**WHAT IS EXPECTED:** Give the listing again word for word. Skip the pictures.

**EXERCISE DATA:**

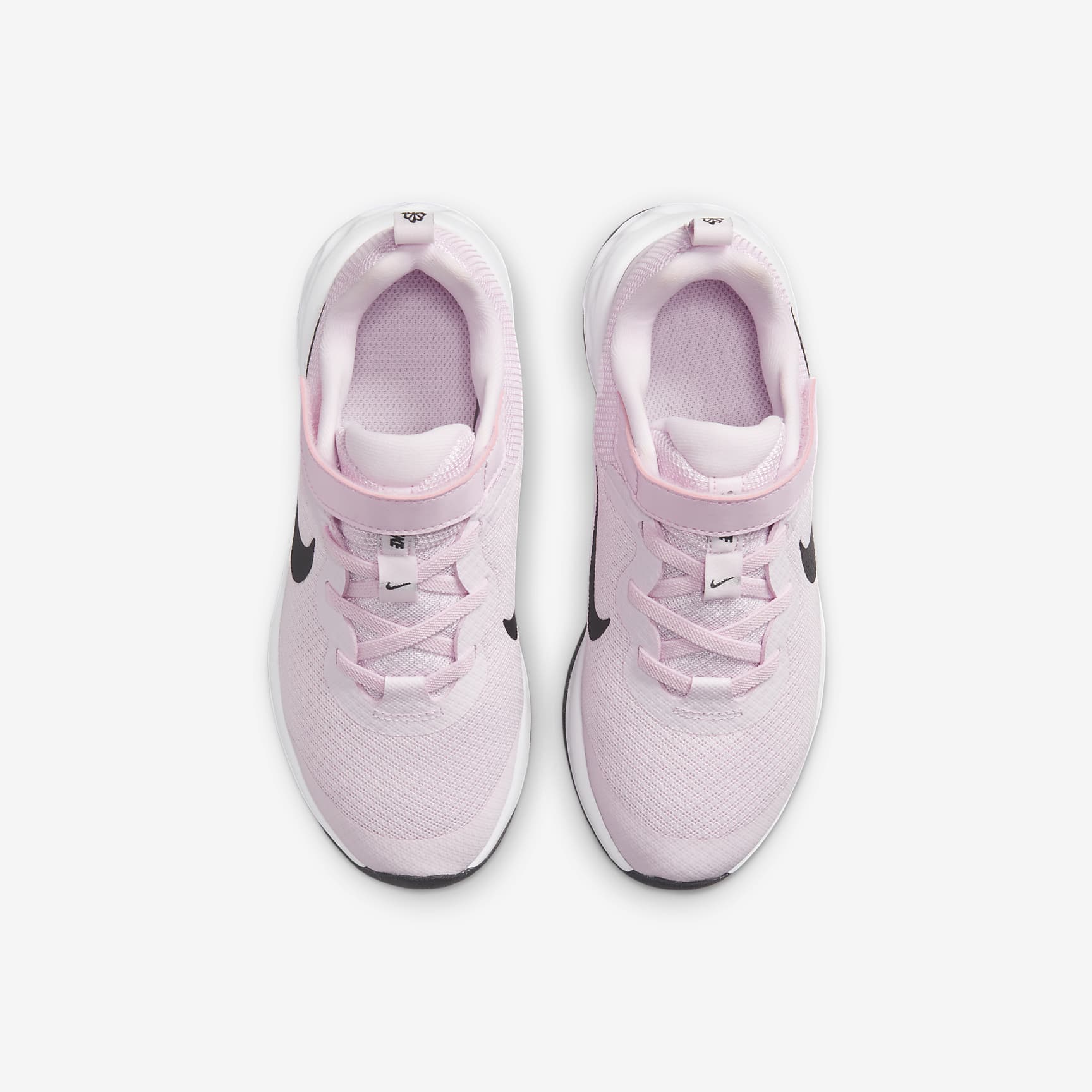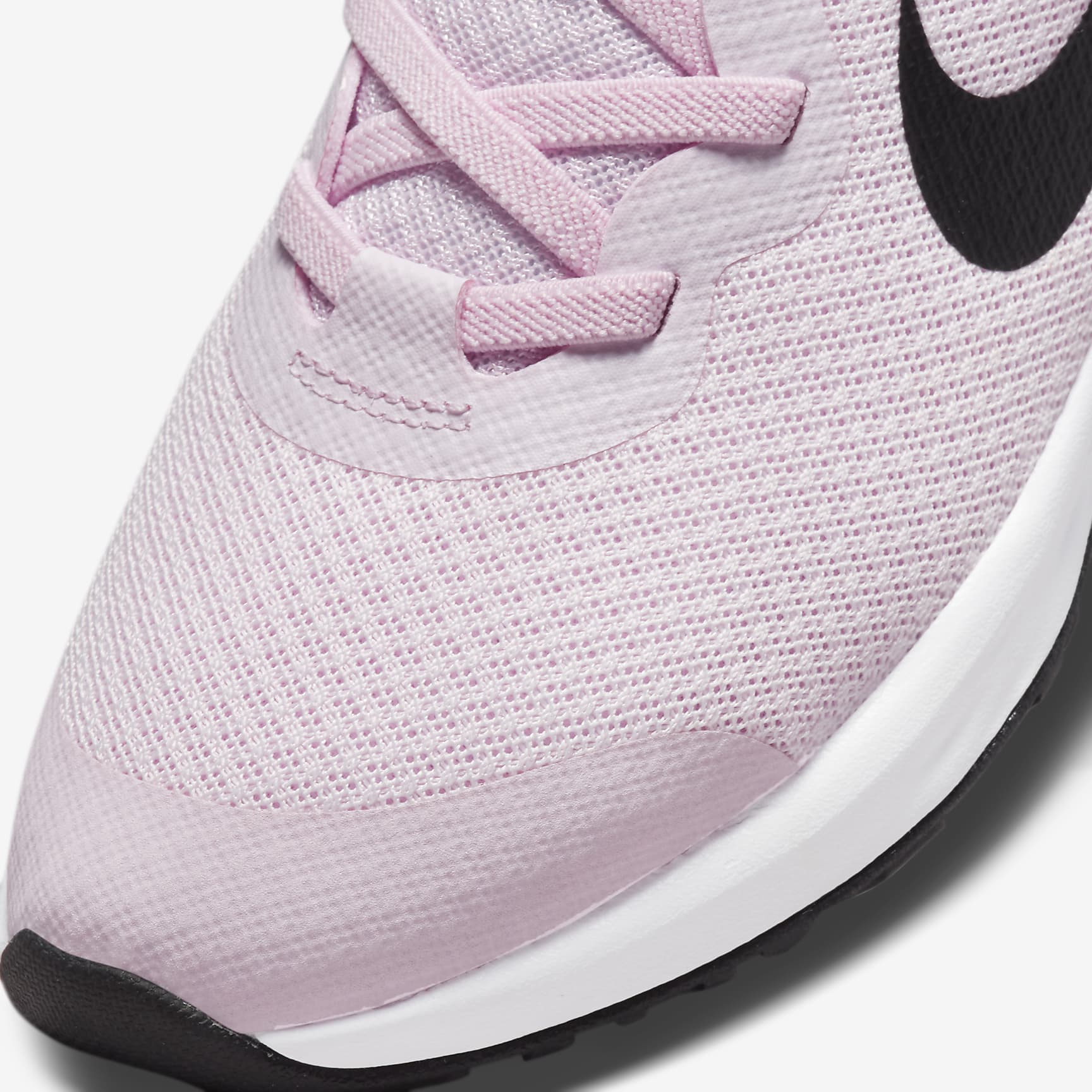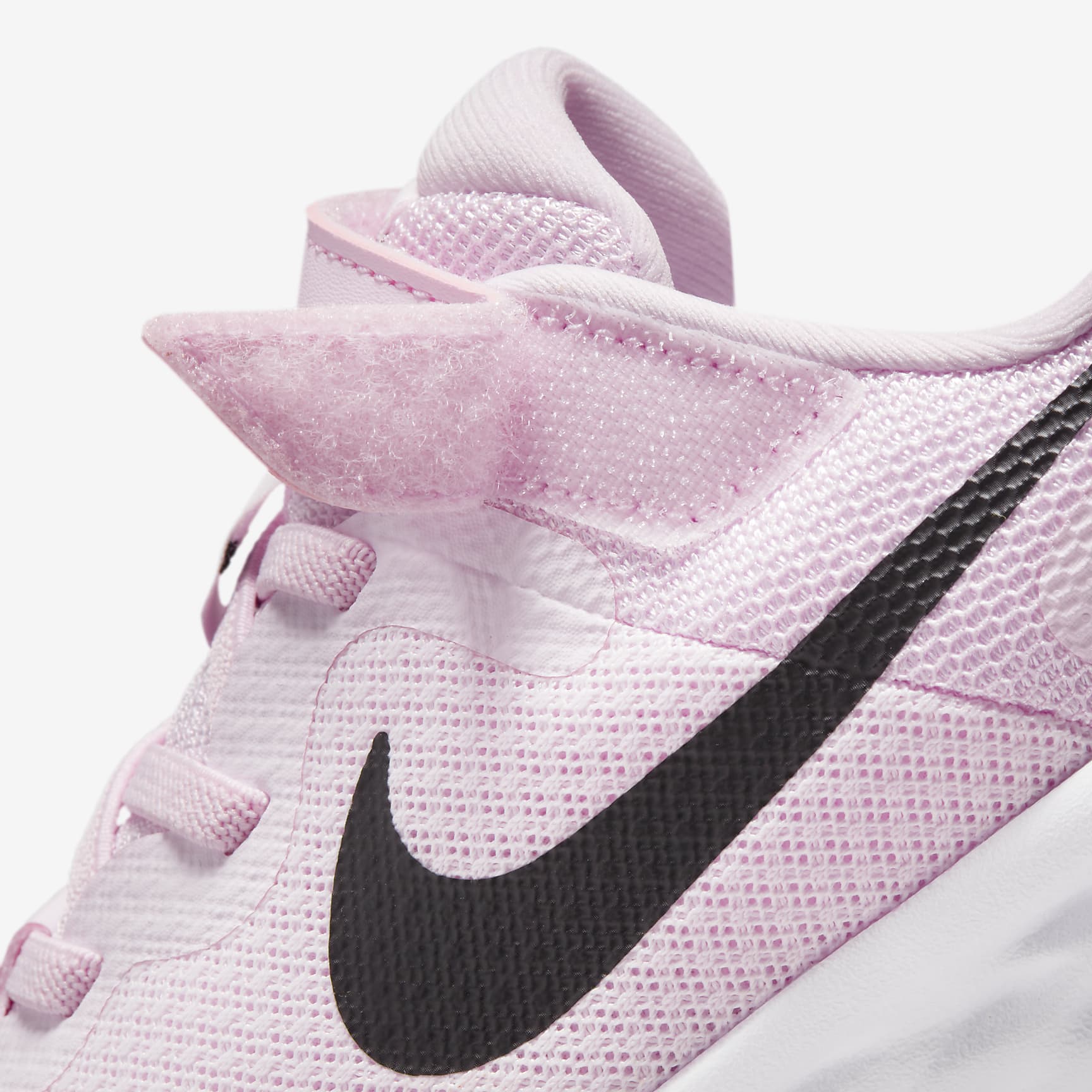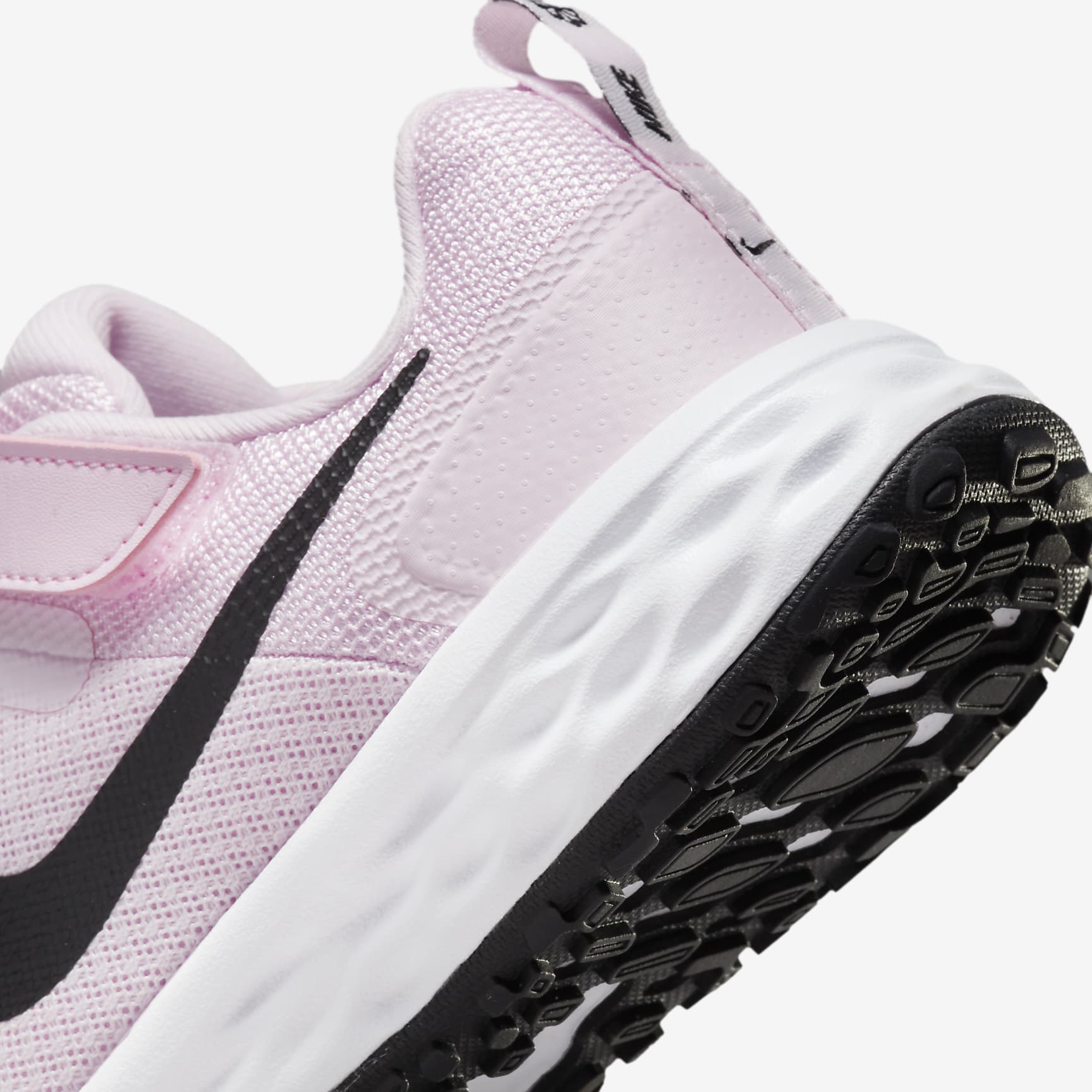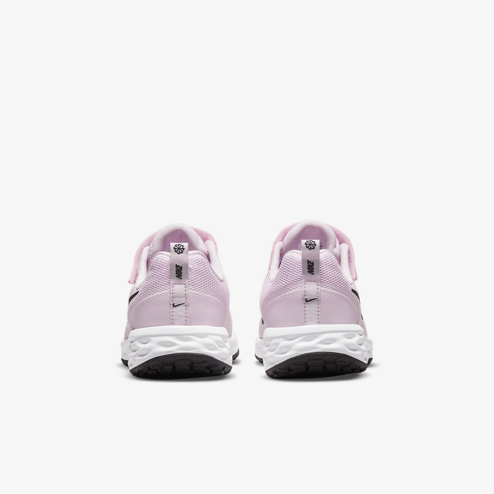MADE PLAY READY. The Nike Revolution 6 is all about versatility for little athletes, from all-day play to anytime wear. With easy straps, kids can feel comfy and secure when slipping these on. Lightweight, breathable and made from at least 20% recycled material by weight—you can't go wrong with that. Benefits * Lightweight textile provides breathability so little feet can stay cool. * Hook-and-loop strap and elastic laces make the shoes easy to get on and off. * Soft foam underfoot creates plush cushioning with every step. * Rubber sole gives durable traction. * Extra skin layer across the toes provides reinforcement against toe draggers. Product Details * Hook-and-loop strap and elastic laces * Sockliner topcloth uses 100% recycled TPU * 100% recycled polyester in the collar lining * Parts of the upper made from 100% recycled polyester
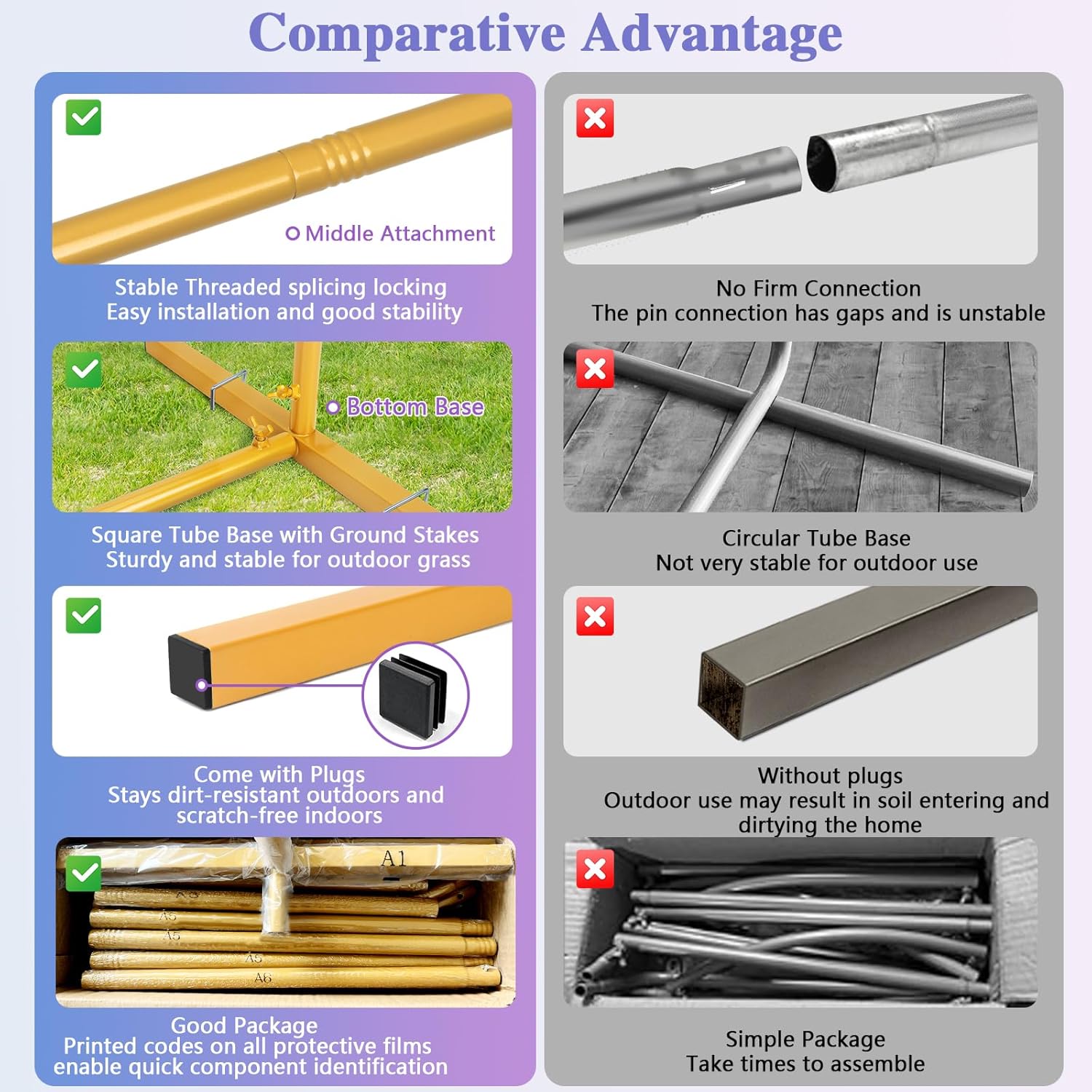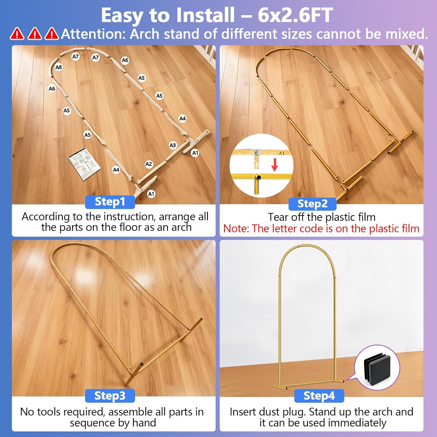 - Complete Ready to Use Kit: Includes all parts of arch stand set (size 6 ft/ 5 ft/ 4 ft), heavy-duty ground stakes (secures outdoor setups on grass or uneven terrain), 4 plastic dust-proof caps (blocks dirt/debris from tube ends), and an illustrated manual
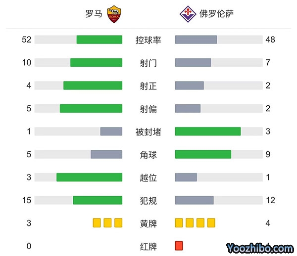 全场比赛结束,最终罗马主场2-0战胜佛罗伦萨。

**RESPONSE TO THIS TASK:**
MADE PLAY READY. The Nike Revolution 6 is all about versatility for little athletes, from all-day play to anytime wear. With easy straps, kids can feel comfy and secure when slipping these on. Lightweight, breathable and made from at least 20% recycled material by weight—you can't go wrong with that. Benefits * Lightweight textile provides breathability so little feet can stay cool. * Hook-and-loop strap and elastic laces make the shoes easy to get on and off. * Soft foam underfoot creates plush cushioning with every step. * Rubber sole gives durable traction. * Extra skin layer across the toes provides reinforcement against toe draggers. Product Details * Hook-and-loop strap and elastic laces * Sockliner topcloth uses 100% recycled TPU * 100% recycled polyester in the collar lining * Parts of the upper made from 100% recycled polyester
 - Complete Ready to Use Kit: Includes all parts of arch stand set (size 6 ft/ 5 ft/ 4 ft), heavy-duty ground stakes (secures outdoor setups on grass or uneven terrain), 4 plastic dust-proof caps (blocks dirt/debris from tube ends), and an illustrated manual
 全场比赛结束,最终罗马主场2-0战胜佛罗伦萨。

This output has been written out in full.